AI's obsession with GPUs has made us overlook a cheaper and smarter solution.

CN
10 days ago

Source: Cointelegraph Original: "{title}"

Opinion by Naman Kabra, Co-founder and CEO of NodeOps Network

Graphics Processing Units (GPUs) have become the default hardware for many artificial intelligence workloads, especially when training large models. This idea is ubiquitous. While this notion is reasonable in certain cases, it also creates a blind spot that hinders our progress.

GPUs are renowned. They have an incredible ability to process massive amounts of data in parallel, making them ideal for training large language models or running high-speed AI inference. This is also why companies like OpenAI, Google, and Meta spend vast sums to build GPU clusters.
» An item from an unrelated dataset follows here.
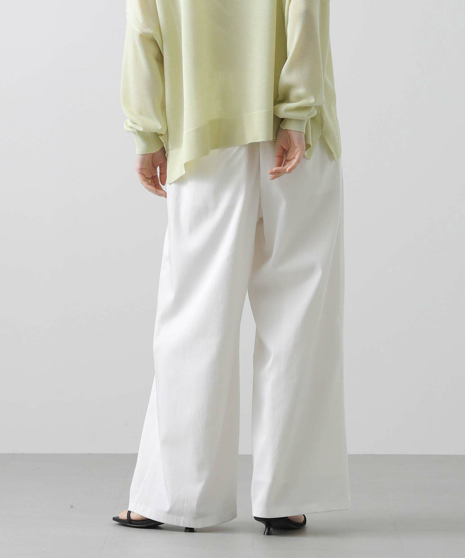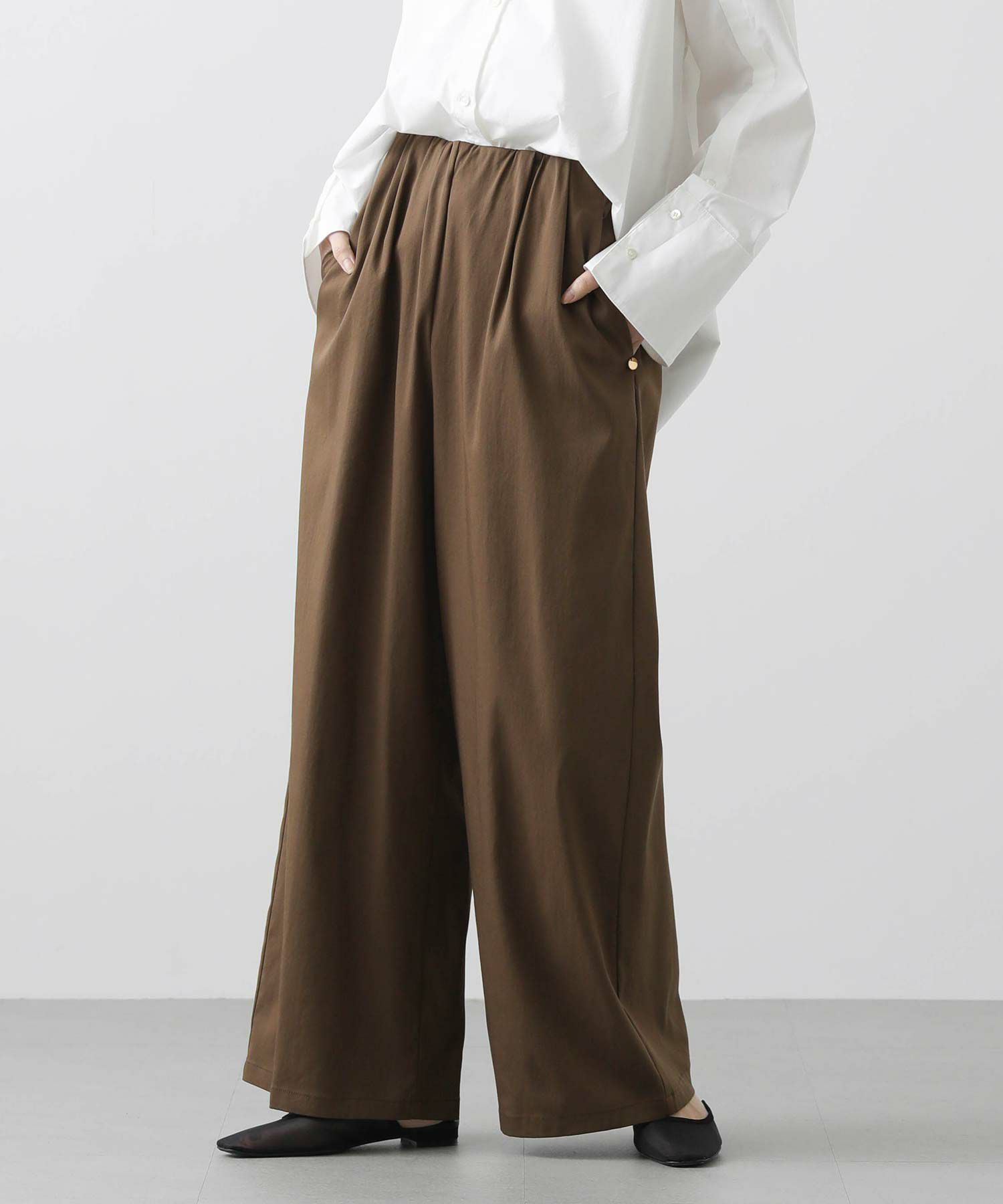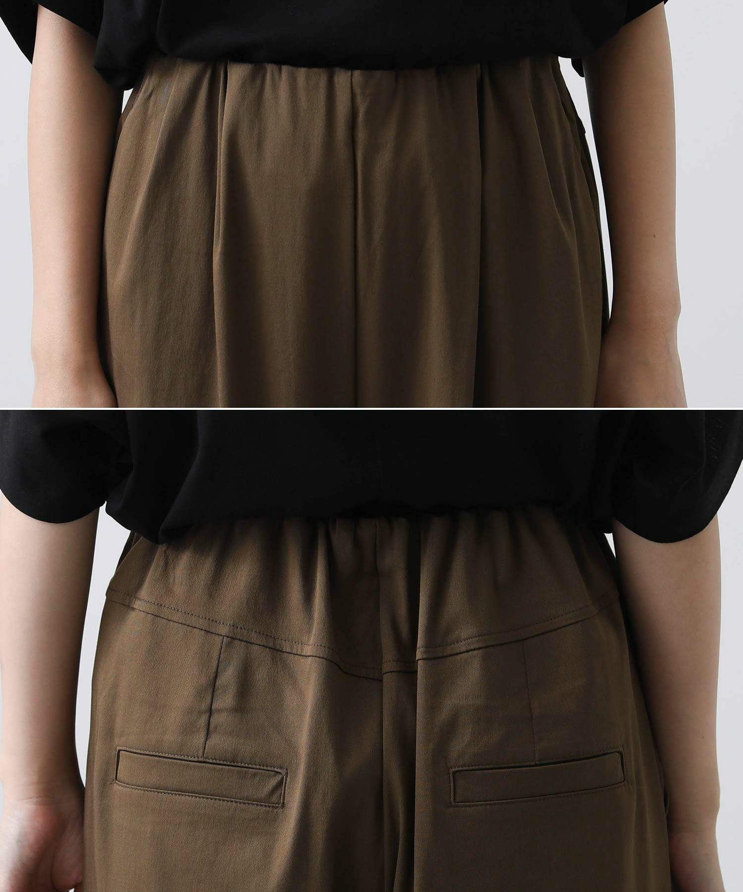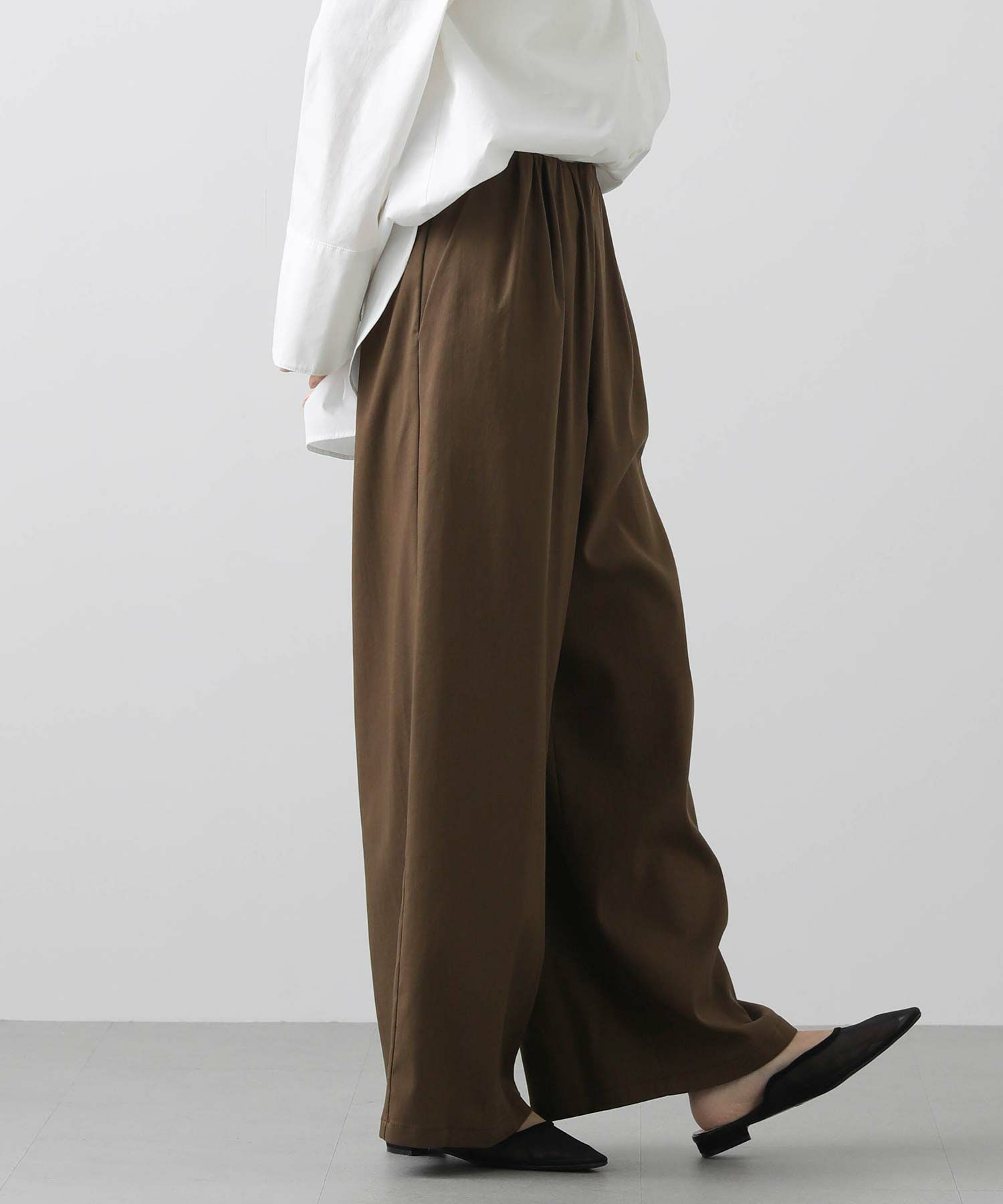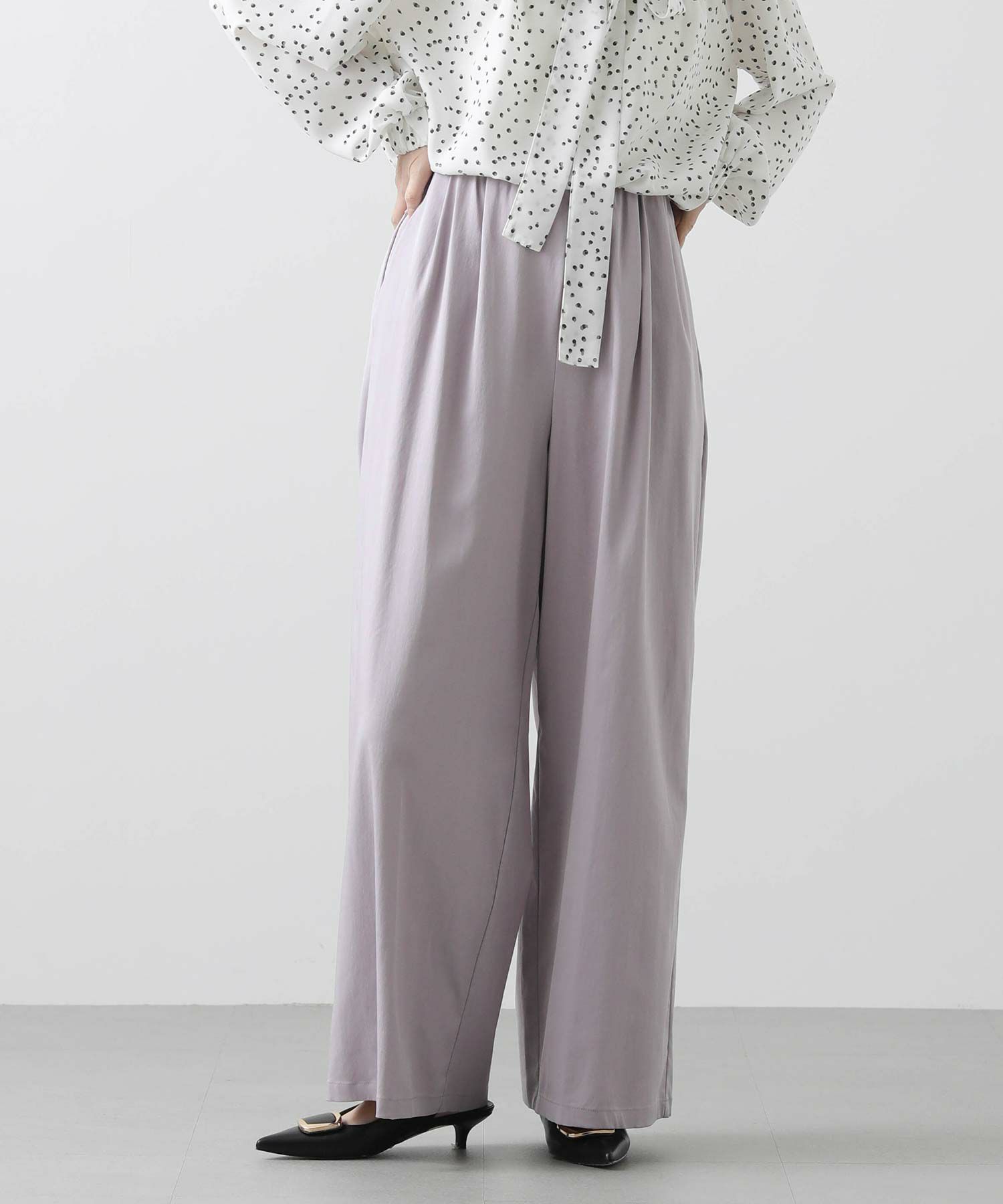 広がり過ぎないストレートシルエットが魅力のイージーセミワイドパンツ。さらりとした肌さわりの良い素材をチョイスし、きちんと感があるルックスながらリラクシーな履き心地です。

While GPUs may be the preferred choice for running AI, we must not forget about Central Processing Units (CPUs), which are still very powerful. Overlooking this fact could cost us time, money, and opportunities.
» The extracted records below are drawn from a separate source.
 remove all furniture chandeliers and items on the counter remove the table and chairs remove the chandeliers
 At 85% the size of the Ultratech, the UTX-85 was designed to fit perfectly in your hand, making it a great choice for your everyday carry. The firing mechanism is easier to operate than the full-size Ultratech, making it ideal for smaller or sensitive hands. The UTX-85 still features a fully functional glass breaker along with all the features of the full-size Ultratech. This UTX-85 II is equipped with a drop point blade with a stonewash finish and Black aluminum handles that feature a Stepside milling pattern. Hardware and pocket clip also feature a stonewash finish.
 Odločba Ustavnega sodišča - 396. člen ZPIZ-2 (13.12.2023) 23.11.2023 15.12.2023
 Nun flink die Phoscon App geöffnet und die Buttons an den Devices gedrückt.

CPUs are not obsolete. More people need to recognize that they can be used for AI tasks. They are idle in millions of machines worldwide, capable of efficiently and economically running various AI tasks, as long as we give them a chance.

It is not hard to see how we got to this point. GPUs are designed for parallelism. They can process massive amounts of data simultaneously, making them well-suited for tasks like image recognition or training chatbots with billions of parameters. CPUs are not equipped for these jobs.
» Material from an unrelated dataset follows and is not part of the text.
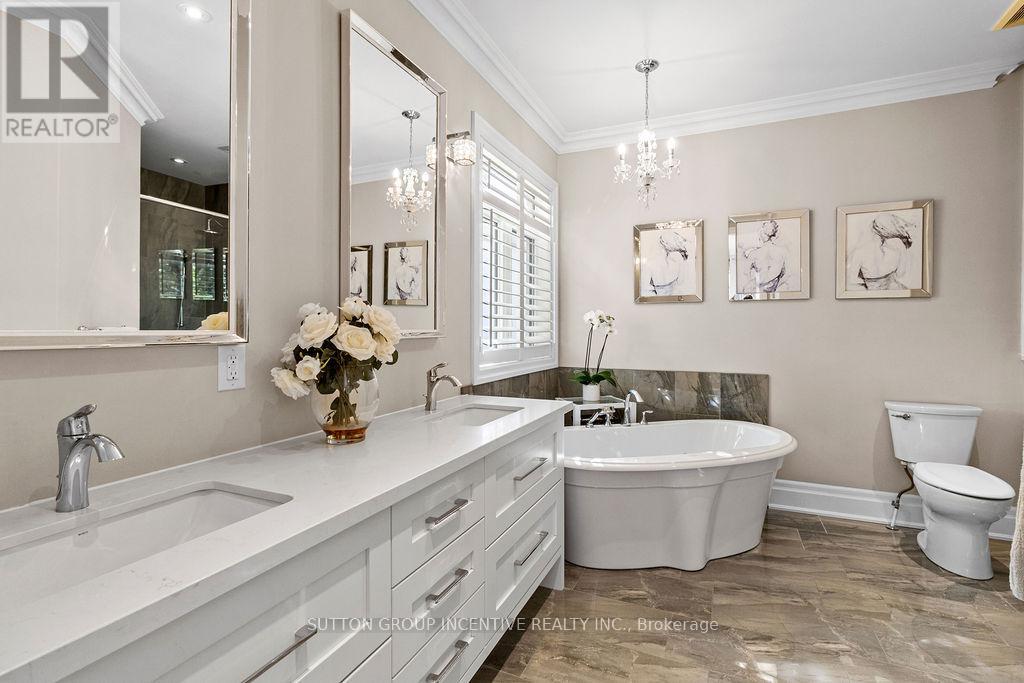This Stunning Custom Builder Stucco/Stone Bungalow is situated on just over a half-acre private lot, offering a country feel while remaining close to city amenities. It boasts numerous upgrades from the builder and additional enhancements by the owners. Apx 5100 total square feet, finished top to bottom. The property features a gorgeous lot with a huge driveway accommodating 12+ cars (triple-wide at the garage). Inside, you'll find a 14' ceiling in the foyer, a front office/bedroom, a second bedroom, a main 4pc and a 2pc. Hardwood flooring extends throughout the main level, complemented by pot lights, O/S trim, crown molding, 9' doors, and transom windows, creating a bright yet cozy atmosphere. The large master at the rear includes a W/I and 5pc Ensuite with heated floors. The stunning great room offers an open concept design with vaulted ceilings and a floor-to-ceiling stone wood fireplace. The gourmet kitchen features a pantry, wine storage/cooler, B/I glass cupboards, an o/s island, and an o/s stainless steel fridge/freezer combo & gas stove. The DR provides a W/O to a 26x15 composite deck, 8-person hot tub, lighted stairs leading to a huge pattern concrete area-$40k and wrought iron fencing around the rear yard. The exterior is enhanced by mature trees and professional landscaping. The main floor also includes a laundry with a side door and a mudroom leading to a fully insulated garage with an epoxy floor and a gas heater. There is a separate staircase to the basement and a rear door. The gorgeous oak staircase leads to a spectacular Fin Basement with upgraded 9' ceilings, ideal for an in-law setup. It includes a huge R/R with a B/I projector and electric screen, a gas fpl, pot lights, and engineered hardwood t/out. There is a second kitchen with top-end appliances, two bedrooms with 4-piece ens (with heated floors), two exercise rooms (one could be a third bedroom), a utility room, a finished office, and a huge cold room. (id:4555)

AI is not just about model training. It is not just high-speed matrix math. Today, AI includes tasks like running smaller models, interpreting data, managing logical chains, making decisions, retrieving documents, and answering questions. These are not merely "stupid math" problems. They require flexible thinking. They require logic. They require CPUs.

While GPUs grab all the headlines, CPUs quietly handle the backbone of many AI workflows, especially when you scale up the actual operation of AI systems in the real world.

Recently: "Our GPUs are melting" -- OpenAI sets limits after the Ghibli tsunami.

CPUs are impressive in their designed use: flexible, logic-based operations. They can handle one or a few tasks simultaneously quite well. Compared to the massive parallelism of GPUs, this may not sound impressive, but many AI tasks do not require such firepower.

Consider autonomous agents, those fancy tools that can leverage AI to perform tasks like searching the web, writing code, or planning projects. Of course, an agent may call a large language model running on a GPU, but everything associated with it, including logic, planning, and decision-making, can run perfectly well on a CPU.

Even inference (the AI term for using a model after it has been trained) can be done on a CPU, especially when the model is smaller, optimized, or running in situations where ultra-low latency is not required.

CPUs can handle a wide range of AI tasks very well. However, we are so focused on GPU performance that we are not leveraging the technology we already have at our disposal.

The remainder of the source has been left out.